• _TASK INSTRUCTIONS_:
Lines from the one containing "Viking standard response" to the end of the records, both ends included and exactly as written, are the whole answer, and no pictures go in it.
══════════════════════════════
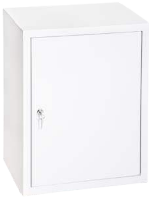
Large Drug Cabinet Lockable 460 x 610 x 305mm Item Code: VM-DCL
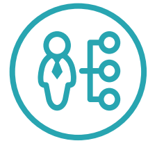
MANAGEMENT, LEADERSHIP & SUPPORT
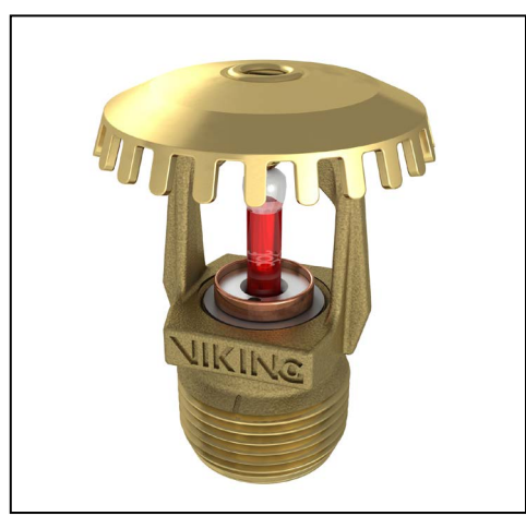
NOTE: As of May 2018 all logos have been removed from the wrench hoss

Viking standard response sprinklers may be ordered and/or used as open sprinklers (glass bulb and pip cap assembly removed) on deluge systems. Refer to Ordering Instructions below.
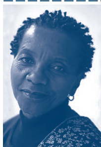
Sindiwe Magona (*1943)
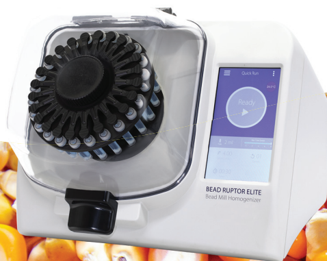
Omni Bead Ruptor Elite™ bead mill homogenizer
══════════════════════════════
• _WRITTEN RESPONSE_:
Viking standard response sprinklers may be ordered and/or used as open sprinklers (glass bulb and pip cap assembly removed) on deluge systems. Refer to Ordering Instructions below.
Sindiwe Magona (*1943)
Omni Bead Ruptor Elite™ bead mill homogenizer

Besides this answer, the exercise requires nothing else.